Data shown:
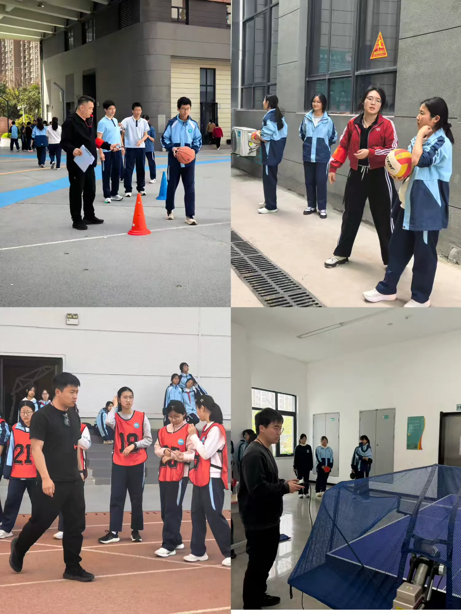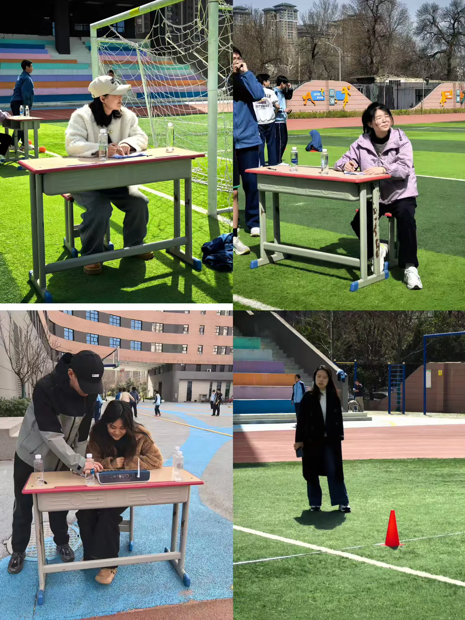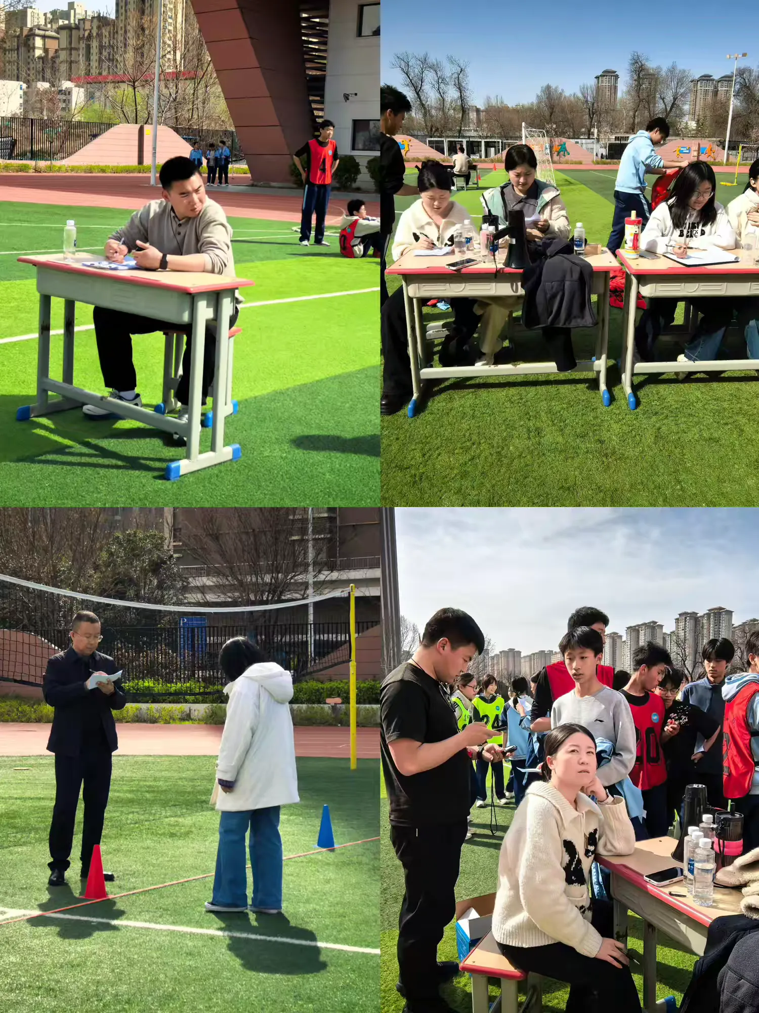 测试前,初三年级组和体育组教师团队制定了详细方案,明确各项目流程与人员分工。测试当天,操场划分出不同功能区域,学生按班级有序排队候考,现场秩序井然。教师们在项目测试点、成绩记录区等岗位协作配合,确保测试高效推进。
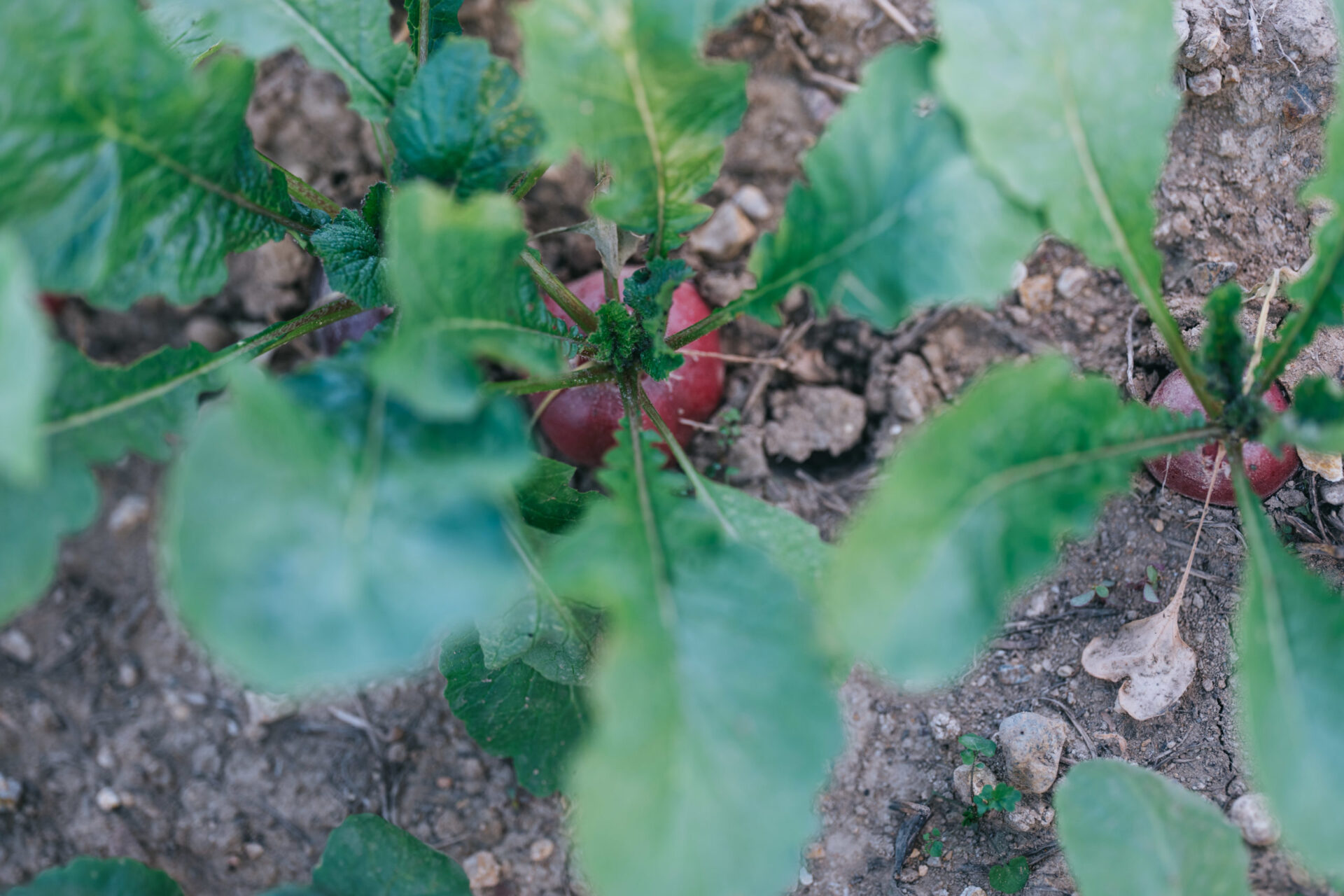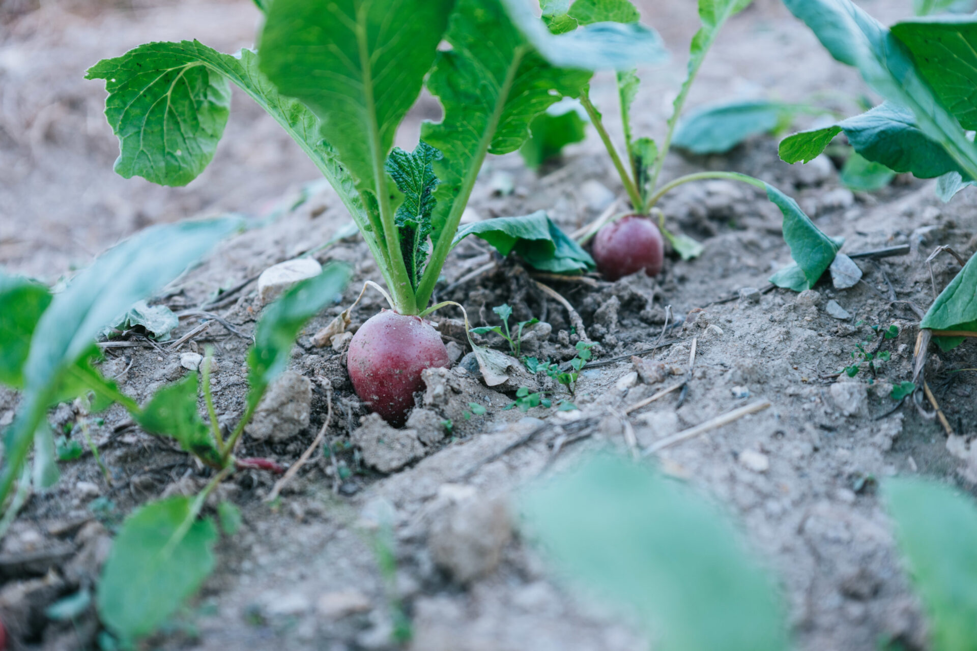 ラディッシュ、黒豆を中心に、水菜、ほうれん草、白菜、ビーツなど、少量多品目で無農薬栽培。特に注力しているのはラディッシュ栽培で、ラディッシュの収穫タイミングや生育サイクルを考慮しながら、その他の品目を選定している。
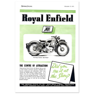 This vintage 1948 advertisement features the Royal Enfield "500 Twin" motorcycle, displayed prominently alongside the brand’s bold logo. The poster, styled with soft green and black tones, promotes the bike as "The Centre of Attraction," highlighting its appeal at the Earls Court Show. The advertisement encourages readers to ask their dealers for more details about the new Royal Enfield models. The bike’s classic design is showcased, with intricate details of the 500 Twin, and the slogan "Made Like A Gun" emphasizes its robust quality. The overall tone is nostalgic, representing the mid-20th century’s motorcycle culture and innovation.
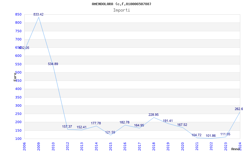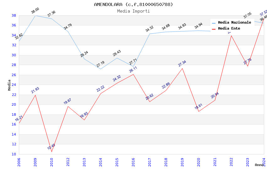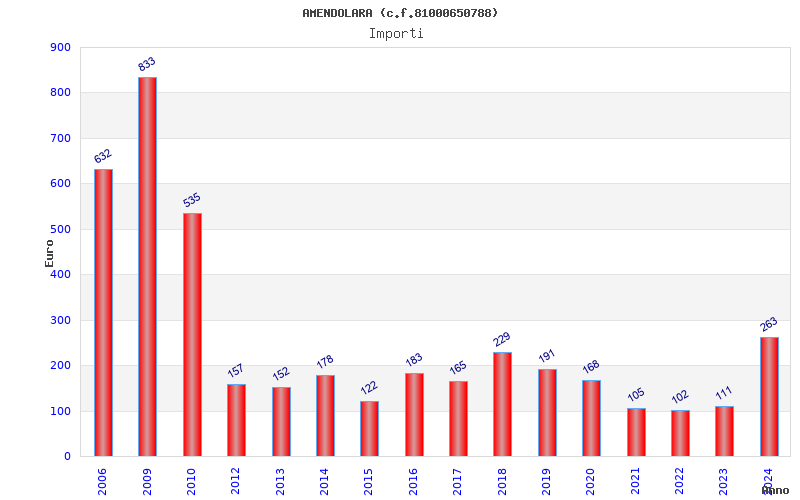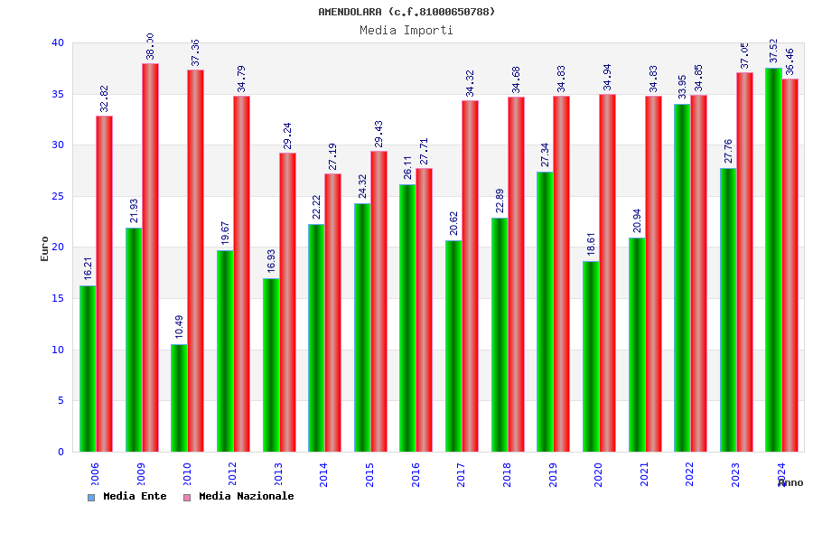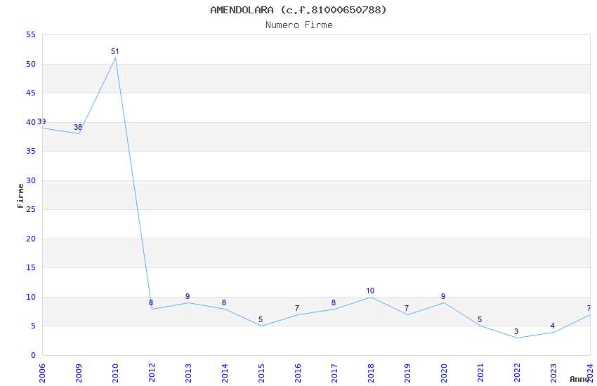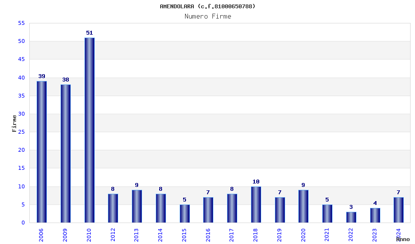 | Anno | Firme | Importi | Media | Naz. | Reg. | Prov. | Comu. |

What to produce: Go through the data and return every word of it verbatim, leaving out the pictures.

Solution for this exercise:
 测试前,初三年级组和体育组教师团队制定了详细方案,明确各项目流程与人员分工。测试当天,操场划分出不同功能区域,学生按班级有序排队候考,现场秩序井然。教师们在项目测试点、成绩记录区等岗位协作配合,确保测试高效推进。
 ラディッシュ、黒豆を中心に、水菜、ほうれん草、白菜、ビーツなど、少量多品目で無農薬栽培。特に注力しているのはラディッシュ栽培で、ラディッシュの収穫タイミングや生育サイクルを考慮しながら、その他の品目を選定している。
 This vintage 1948 advertisement features the Royal Enfield "500 Twin" motorcycle, displayed prominently alongside the brand’s bold logo. The poster, styled with soft green and black tones, promotes the bike as "The Centre of Attraction," highlighting its appeal at the Earls Court Show. The advertisement encourages readers to ask their dealers for more details about the new Royal Enfield models. The bike’s classic design is showcased, with intricate details of the 500 Twin, and the slogan "Made Like A Gun" emphasizes its robust quality. The overall tone is nostalgic, representing the mid-20th century’s motorcycle culture and innovation.
 | Anno | Firme | Importi | Media | Naz. | Reg. | Prov. | Comu. |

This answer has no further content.